**Exercise directions**
Copy the data below exactly, but not the pictures it contains.

─── Given entries ───

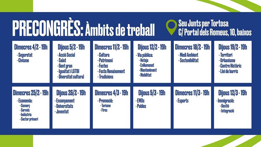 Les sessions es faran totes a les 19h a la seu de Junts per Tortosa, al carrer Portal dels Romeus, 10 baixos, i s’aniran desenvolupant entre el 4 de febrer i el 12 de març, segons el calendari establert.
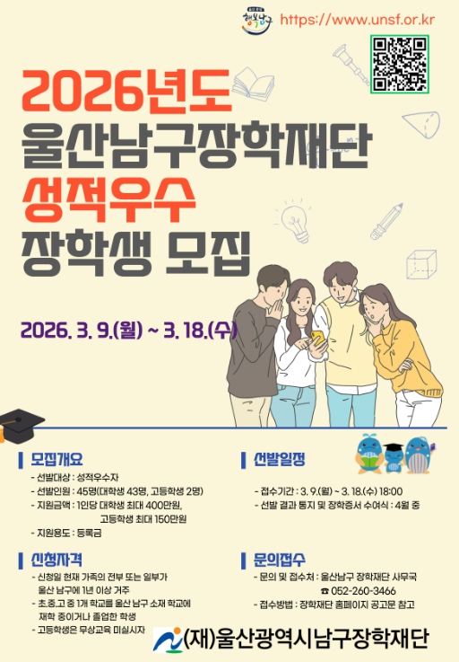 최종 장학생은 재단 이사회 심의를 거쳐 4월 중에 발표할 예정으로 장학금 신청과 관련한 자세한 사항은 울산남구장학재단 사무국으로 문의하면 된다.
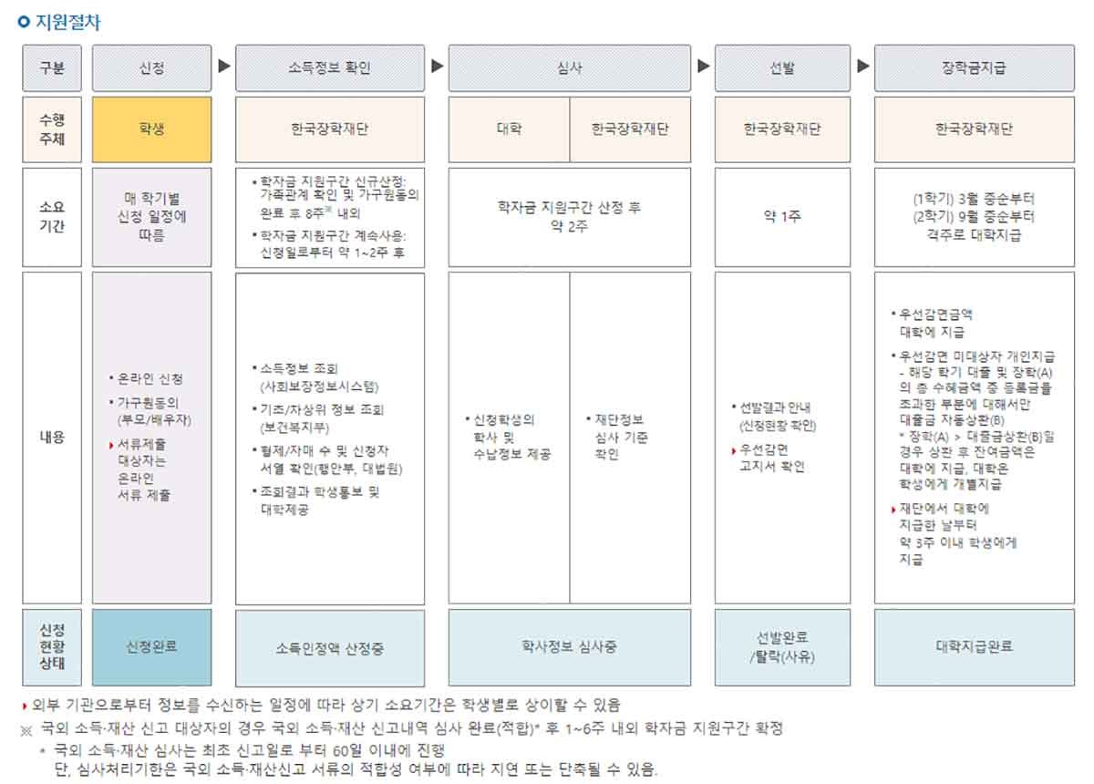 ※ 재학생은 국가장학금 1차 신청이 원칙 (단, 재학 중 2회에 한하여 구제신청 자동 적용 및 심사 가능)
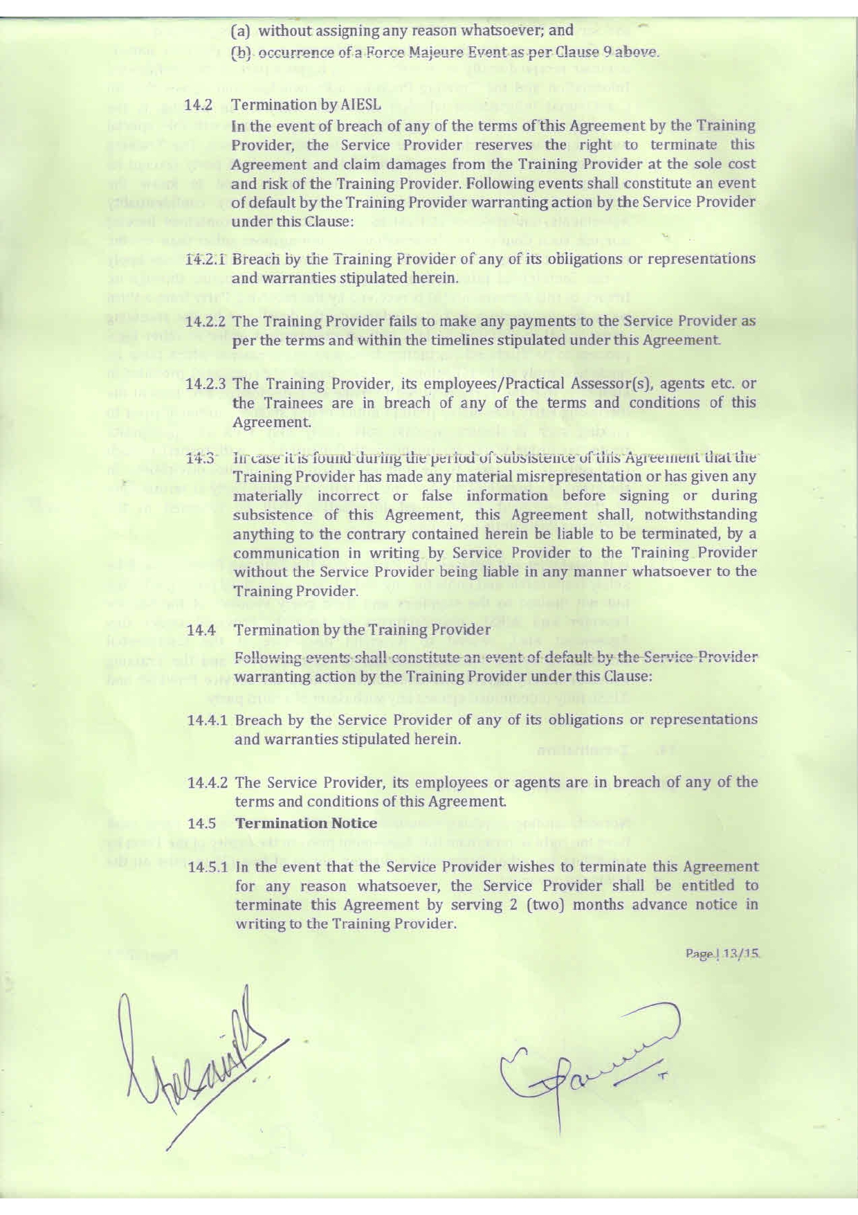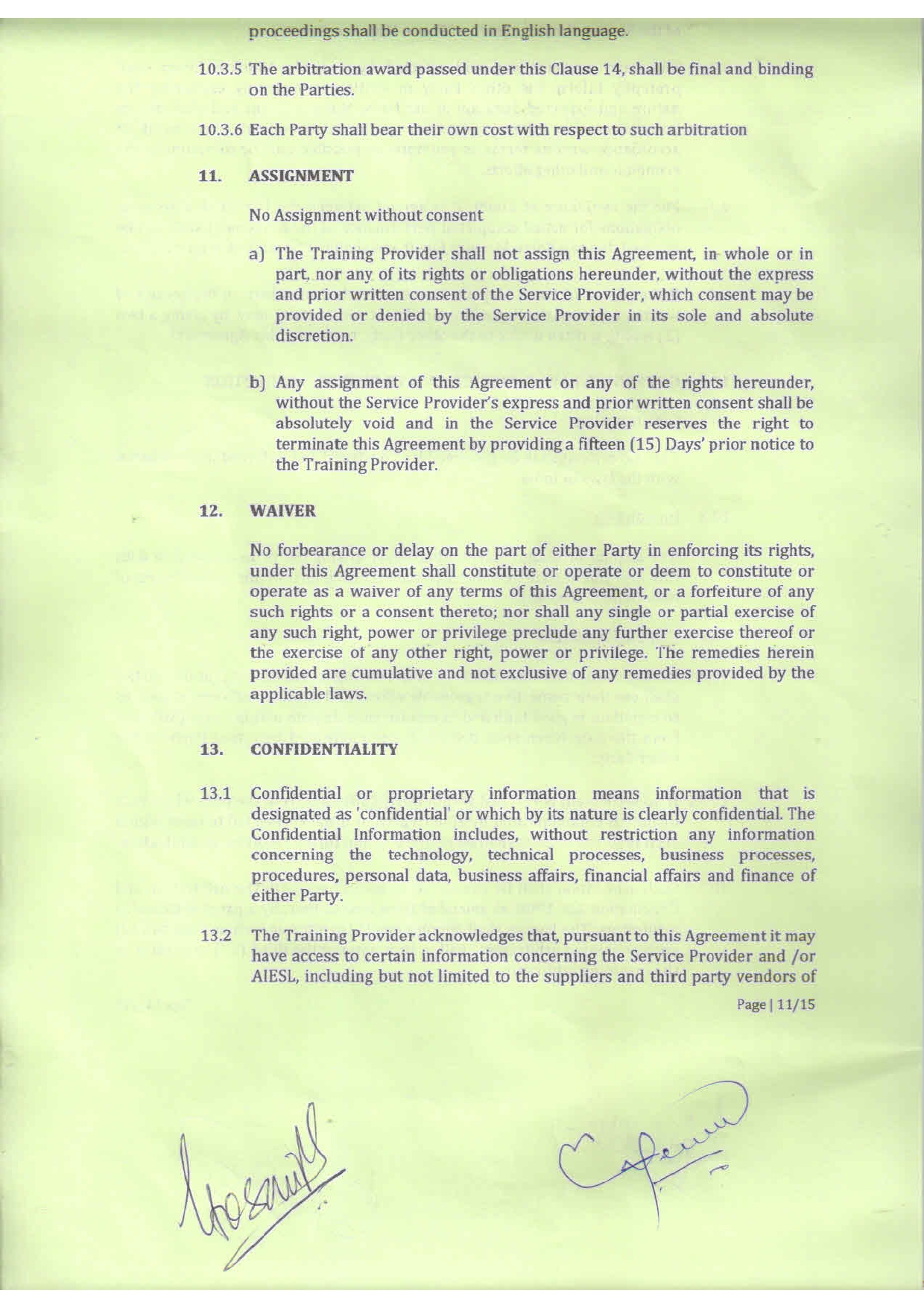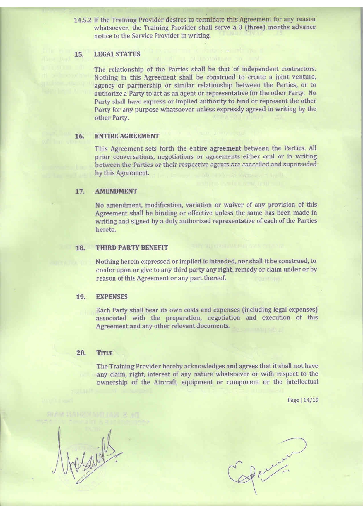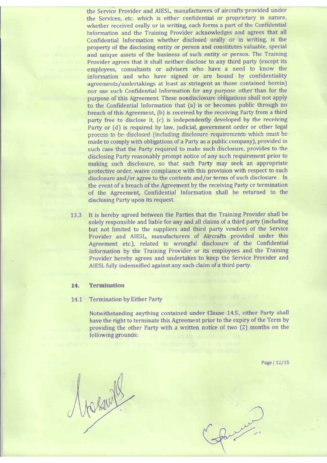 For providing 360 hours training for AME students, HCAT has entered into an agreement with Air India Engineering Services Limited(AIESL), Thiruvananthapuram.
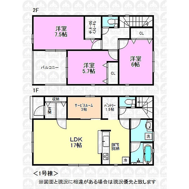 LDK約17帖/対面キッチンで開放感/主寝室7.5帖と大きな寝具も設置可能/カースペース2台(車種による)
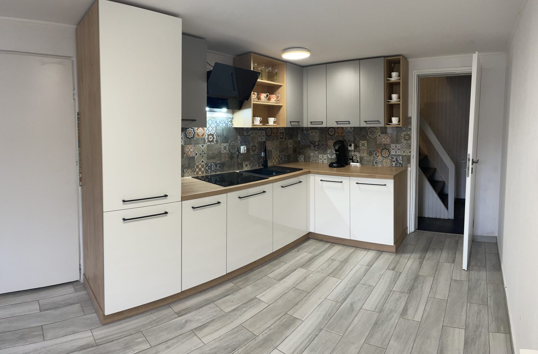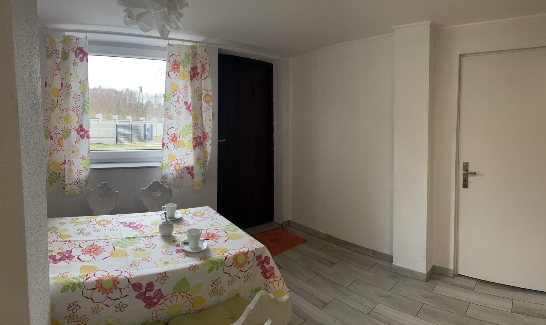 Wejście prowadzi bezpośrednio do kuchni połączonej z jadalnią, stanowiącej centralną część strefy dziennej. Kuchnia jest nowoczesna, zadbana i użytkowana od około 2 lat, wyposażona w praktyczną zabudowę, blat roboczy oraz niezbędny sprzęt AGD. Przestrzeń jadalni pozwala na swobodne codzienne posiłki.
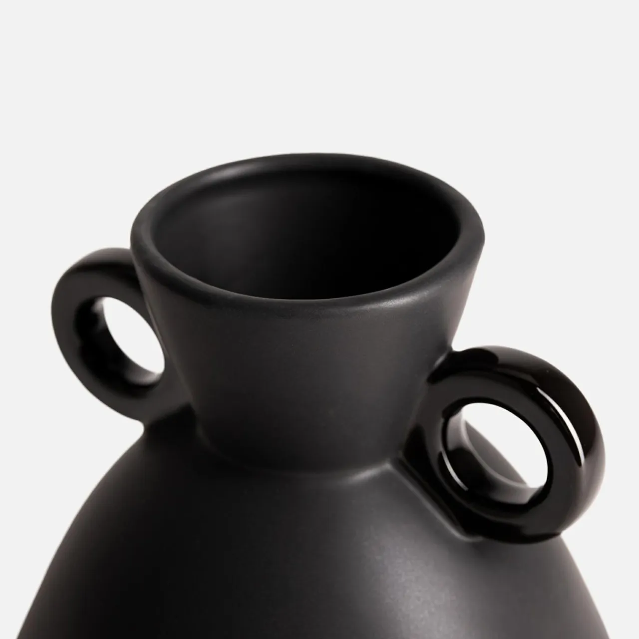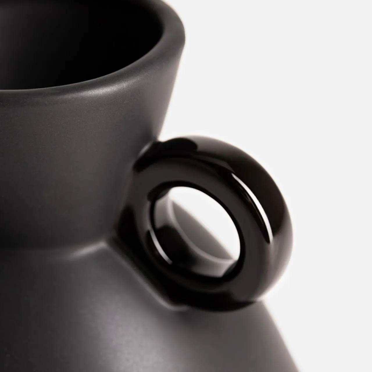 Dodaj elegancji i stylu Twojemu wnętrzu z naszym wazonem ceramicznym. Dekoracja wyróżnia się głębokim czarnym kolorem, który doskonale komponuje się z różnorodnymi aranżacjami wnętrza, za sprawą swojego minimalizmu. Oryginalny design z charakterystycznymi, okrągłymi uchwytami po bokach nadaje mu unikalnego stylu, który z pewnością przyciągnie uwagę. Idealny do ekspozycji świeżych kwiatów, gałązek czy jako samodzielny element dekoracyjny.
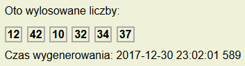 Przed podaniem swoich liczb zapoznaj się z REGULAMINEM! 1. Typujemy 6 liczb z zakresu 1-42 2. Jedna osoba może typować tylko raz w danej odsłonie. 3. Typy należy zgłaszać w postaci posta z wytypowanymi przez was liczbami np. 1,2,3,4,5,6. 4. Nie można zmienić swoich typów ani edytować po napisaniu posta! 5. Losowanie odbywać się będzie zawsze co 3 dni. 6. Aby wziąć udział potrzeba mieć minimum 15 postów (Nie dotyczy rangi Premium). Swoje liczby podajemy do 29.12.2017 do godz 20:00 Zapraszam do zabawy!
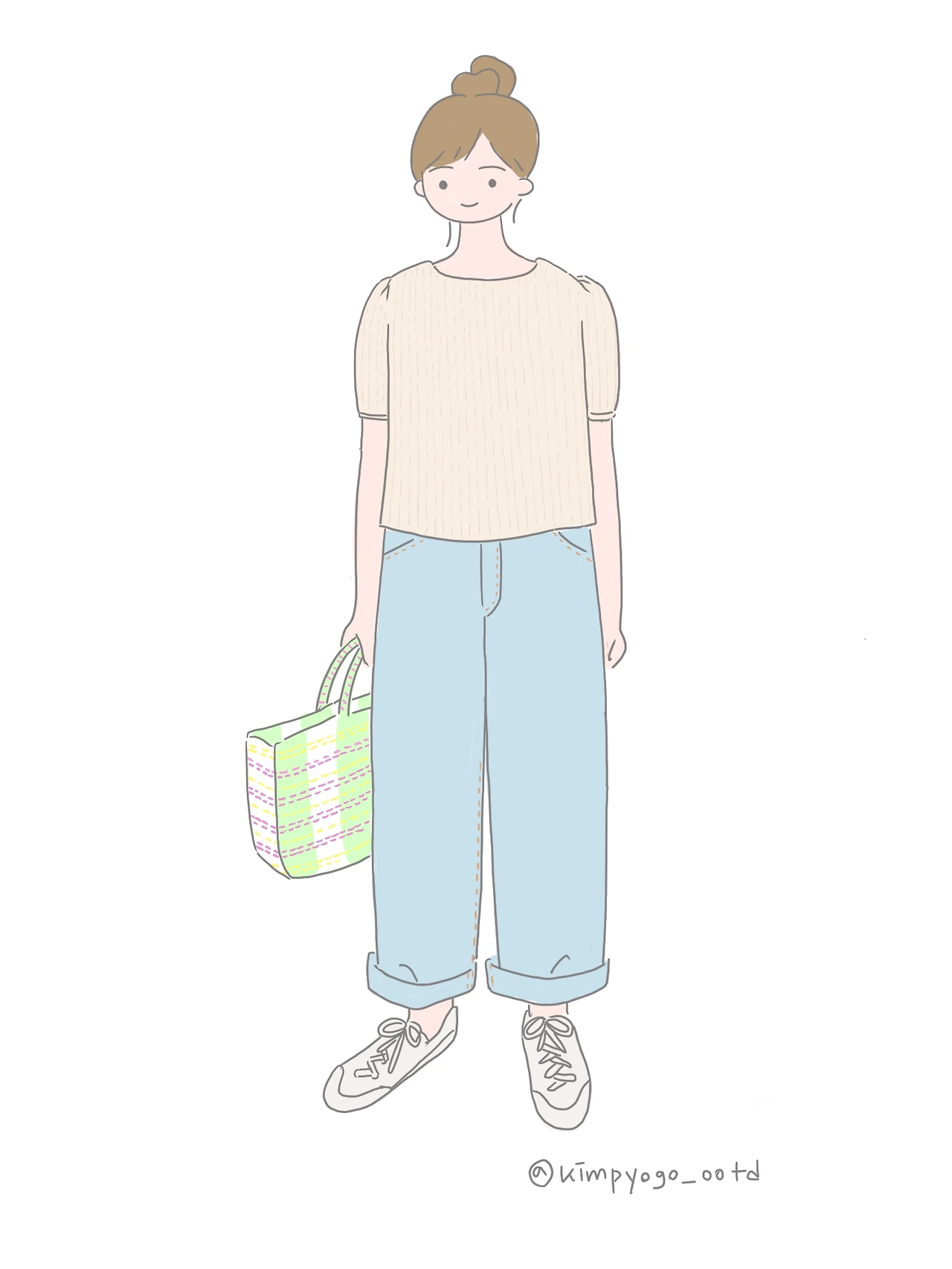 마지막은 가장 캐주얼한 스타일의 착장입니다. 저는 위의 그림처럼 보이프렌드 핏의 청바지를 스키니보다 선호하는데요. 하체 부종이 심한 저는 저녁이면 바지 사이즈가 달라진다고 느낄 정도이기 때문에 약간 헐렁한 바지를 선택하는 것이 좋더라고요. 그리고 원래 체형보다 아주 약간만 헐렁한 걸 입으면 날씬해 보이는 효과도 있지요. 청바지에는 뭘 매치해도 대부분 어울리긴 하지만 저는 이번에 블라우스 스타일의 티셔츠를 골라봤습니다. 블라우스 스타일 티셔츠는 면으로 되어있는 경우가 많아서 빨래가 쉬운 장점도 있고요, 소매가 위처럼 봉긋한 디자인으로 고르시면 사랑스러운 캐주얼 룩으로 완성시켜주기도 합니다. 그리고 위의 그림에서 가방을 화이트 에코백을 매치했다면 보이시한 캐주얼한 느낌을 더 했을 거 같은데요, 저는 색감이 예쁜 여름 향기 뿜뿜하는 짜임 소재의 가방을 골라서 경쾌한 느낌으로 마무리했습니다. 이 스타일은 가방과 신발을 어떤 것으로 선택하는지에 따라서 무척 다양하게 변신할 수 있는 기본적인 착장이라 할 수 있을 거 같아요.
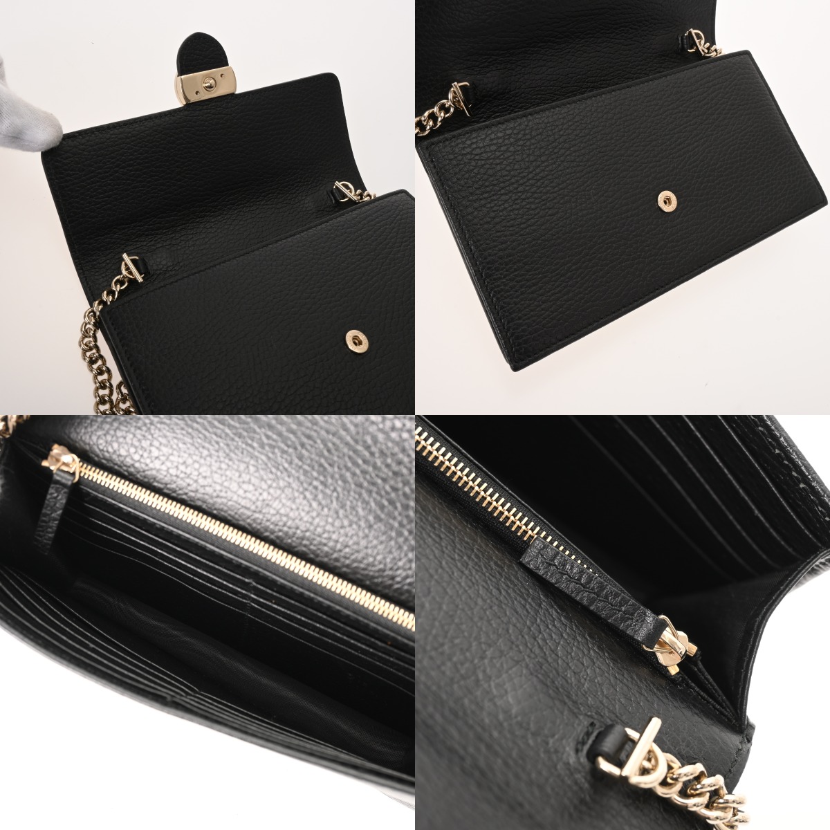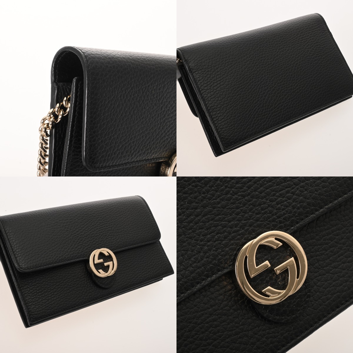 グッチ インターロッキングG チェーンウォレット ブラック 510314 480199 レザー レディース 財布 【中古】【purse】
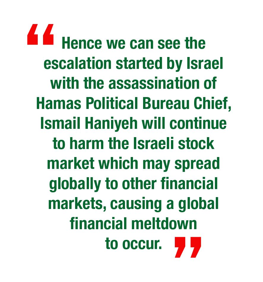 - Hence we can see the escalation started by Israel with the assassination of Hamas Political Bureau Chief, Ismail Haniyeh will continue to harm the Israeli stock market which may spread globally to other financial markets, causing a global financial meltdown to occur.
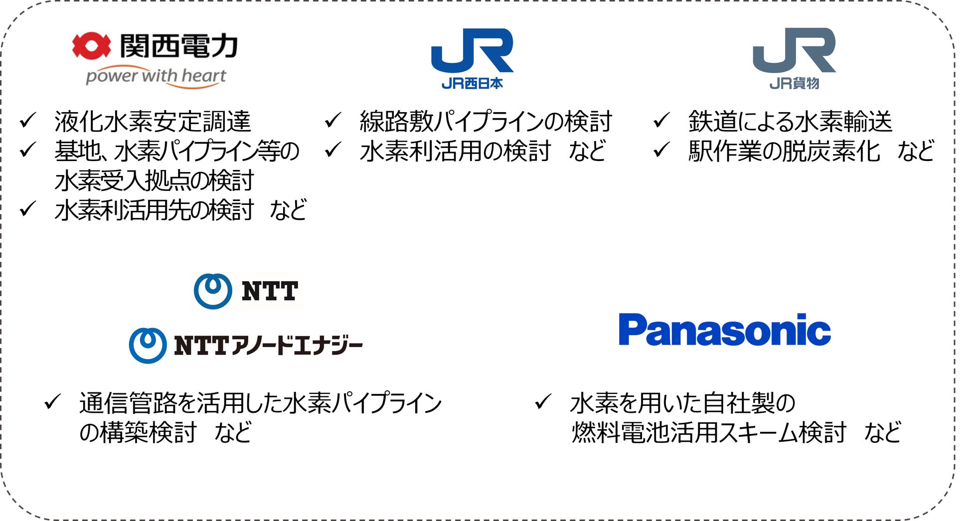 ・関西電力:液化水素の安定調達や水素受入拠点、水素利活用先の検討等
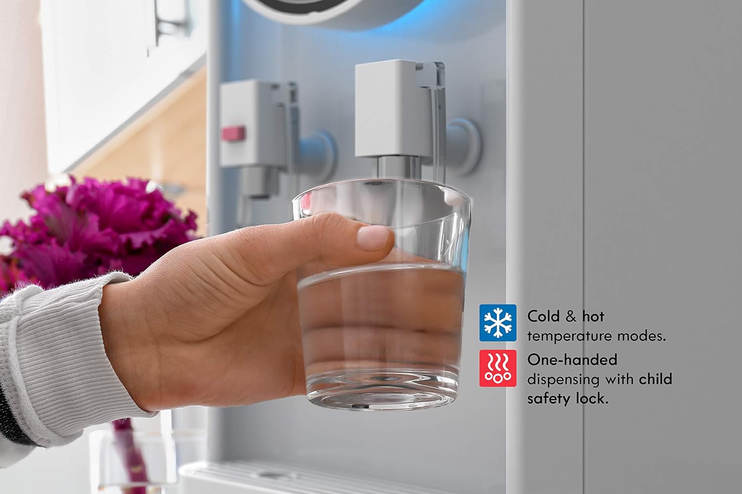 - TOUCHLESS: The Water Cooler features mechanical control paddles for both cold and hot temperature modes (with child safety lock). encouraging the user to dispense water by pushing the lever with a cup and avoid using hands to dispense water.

───

**Solution to this task**
 Les sessions es faran totes a les 19h a la seu de Junts per Tortosa, al carrer Portal dels Romeus, 10 baixos, i s’aniran desenvolupant entre el 4 de febrer i el 12 de març, segons el calendari establert.
 최종 장학생은 재단 이사회 심의를 거쳐 4월 중에 발표할 예정으로 장학금 신청과 관련한 자세한 사항은 울산남구장학재단 사무국으로 문의하면 된다.
 ※ 재학생은 국가장학금 1차 신청이 원칙 (단, 재학 중 2회에 한하여 구제신청 자동 적용 및 심사 가능)
 For providing 360 hours training for AME students, HCAT has entered into an agreement with Air India Engineering Services Limited(AIESL), Thiruvananthapuram.
 LDK約17帖/対面キッチンで開放感/主寝室7.5帖と大きな寝具も設置可能/カースペース2台(車種による)
 Wejście prowadzi bezpośrednio do kuchni połączonej z jadalnią, stanowiącej centralną część strefy dziennej. Kuchnia jest nowoczesna, zadbana i użytkowana od około 2 lat, wyposażona w praktyczną zabudowę, blat roboczy oraz niezbędny sprzęt AGD. Przestrzeń jadalni pozwala na swobodne codzienne posiłki.
 Dodaj elegancji i stylu Twojemu wnętrzu z naszym wazonem ceramicznym. Dekoracja wyróżnia się głębokim czarnym kolorem, który doskonale komponuje się z różnorodnymi aranżacjami wnętrza, za sprawą swojego minimalizmu. Oryginalny design z charakterystycznymi, okrągłymi uchwytami po bokach nadaje mu unikalnego stylu, który z pewnością przyciągnie uwagę. Idealny do ekspozycji świeżych kwiatów, gałązek czy jako samodzielny element dekoracyjny.
 Przed podaniem swoich liczb zapoznaj się z REGULAMINEM! 1. Typujemy 6 liczb z zakresu 1-42 2. Jedna osoba może typować tylko raz w danej odsłonie. 3. Typy należy zgłaszać w postaci posta z wytypowanymi przez was liczbami np. 1,2,3,4,5,6. 4. Nie można zmienić swoich typów ani edytować po napisaniu posta! 5. Losowanie odbywać się będzie zawsze co 3 dni. 6. Aby wziąć udział potrzeba mieć minimum 15 postów (Nie dotyczy rangi Premium). Swoje liczby podajemy do 29.12.2017 do godz 20:00 Zapraszam do zabawy!
 마지막은 가장 캐주얼한 스타일의 착장입니다. 저는 위의 그림처럼 보이프렌드 핏의 청바지를 스키니보다 선호하는데요. 하체 부종이 심한 저는 저녁이면 바지 사이즈가 달라진다고 느낄 정도이기 때문에 약간 헐렁한 바지를 선택하는 것이 좋더라고요. 그리고 원래 체형보다 아주 약간만 헐렁한 걸 입으면 날씬해 보이는 효과도 있지요. 청바지에는 뭘 매치해도 대부분 어울리긴 하지만 저는 이번에 블라우스 스타일의 티셔츠를 골라봤습니다. 블라우스 스타일 티셔츠는 면으로 되어있는 경우가 많아서 빨래가 쉬운 장점도 있고요, 소매가 위처럼 봉긋한 디자인으로 고르시면 사랑스러운 캐주얼 룩으로 완성시켜주기도 합니다. 그리고 위의 그림에서 가방을 화이트 에코백을 매치했다면 보이시한 캐주얼한 느낌을 더 했을 거 같은데요, 저는 색감이 예쁜 여름 향기 뿜뿜하는 짜임 소재의 가방을 골라서 경쾌한 느낌으로 마무리했습니다. 이 스타일은 가방과 신발을 어떤 것으로 선택하는지에 따라서 무척 다양하게 변신할 수 있는 기본적인 착장이라 할 수 있을 거 같아요.
 グッチ インターロッキングG チェーンウォレット ブラック 510314 480199 レザー レディース 財布 【中古】【purse】
 - Hence we can see the escalation started by Israel with the assassination of Hamas Political Bureau Chief, Ismail Haniyeh will continue to harm the Israeli stock market which may spread globally to other financial markets, causing a global financial meltdown to occur.
 ・関西電力:液化水素の安定調達や水素受入拠点、水素利活用先の検討等
 - TOUCHLESS: The Water Cooler features mechanical control paddles for both cold and hot temperature modes (with child safety lock). encouraging the user to dispense water by pushing the lever with a cup and avoid using hands to dispense water.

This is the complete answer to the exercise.